[SUPPLIED MATERIAL Boundary: Start]

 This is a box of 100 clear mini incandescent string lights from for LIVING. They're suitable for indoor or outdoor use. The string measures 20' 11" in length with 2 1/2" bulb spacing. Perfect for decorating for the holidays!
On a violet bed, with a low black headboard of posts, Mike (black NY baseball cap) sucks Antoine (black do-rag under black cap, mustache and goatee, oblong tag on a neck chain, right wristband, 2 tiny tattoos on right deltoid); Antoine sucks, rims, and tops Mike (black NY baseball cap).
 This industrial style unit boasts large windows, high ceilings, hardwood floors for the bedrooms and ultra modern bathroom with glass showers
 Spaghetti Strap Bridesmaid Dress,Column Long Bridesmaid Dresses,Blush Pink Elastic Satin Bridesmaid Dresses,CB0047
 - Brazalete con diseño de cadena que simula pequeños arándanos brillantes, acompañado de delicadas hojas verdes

[SUPPLIED MATERIAL Boundary: End]
[SUPPLIED MATERIAL Boundary: Start]

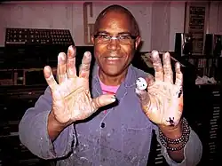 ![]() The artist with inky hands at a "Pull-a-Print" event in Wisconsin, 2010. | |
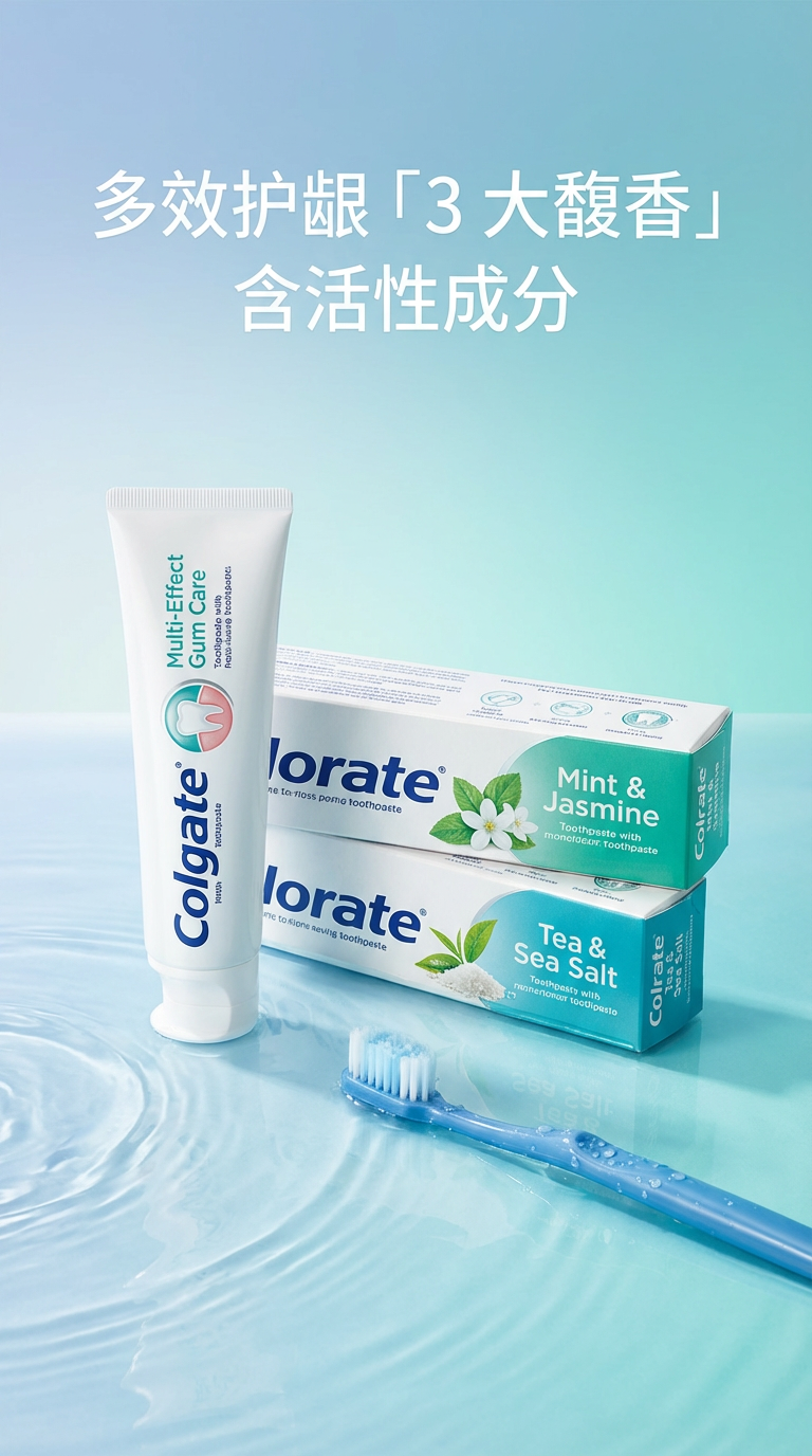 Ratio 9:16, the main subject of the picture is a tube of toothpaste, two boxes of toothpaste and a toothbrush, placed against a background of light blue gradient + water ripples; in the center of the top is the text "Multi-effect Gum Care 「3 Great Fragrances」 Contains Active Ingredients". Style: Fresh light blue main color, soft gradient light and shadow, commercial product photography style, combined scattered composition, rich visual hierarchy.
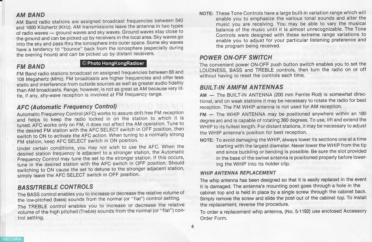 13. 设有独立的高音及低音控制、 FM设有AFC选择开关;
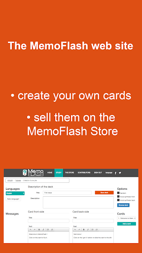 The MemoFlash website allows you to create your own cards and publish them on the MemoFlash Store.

[SUPPLIED MATERIAL Boundary: End]

Given the listing above, repeat exactly the lines starting at the one with "Wisconsin, 2010. | |" and ending at the one with "The MemoFlash website", inclusive, excluding pictures.

## COMPLETED EXERCISE:
 ![]() The artist with inky hands at a "Pull-a-Print" event in Wisconsin, 2010. | |
 Ratio 9:16, the main subject of the picture is a tube of toothpaste, two boxes of toothpaste and a toothbrush, placed against a background of light blue gradient + water ripples; in the center of the top is the text "Multi-effect Gum Care 「3 Great Fragrances」 Contains Active Ingredients". Style: Fresh light blue main color, soft gradient light and shadow, commercial product photography style, combined scattered composition, rich visual hierarchy.
 13. 设有独立的高音及低音控制、 FM设有AFC选择开关;
 The MemoFlash website allows you to create your own cards and publish them on the MemoFlash Store.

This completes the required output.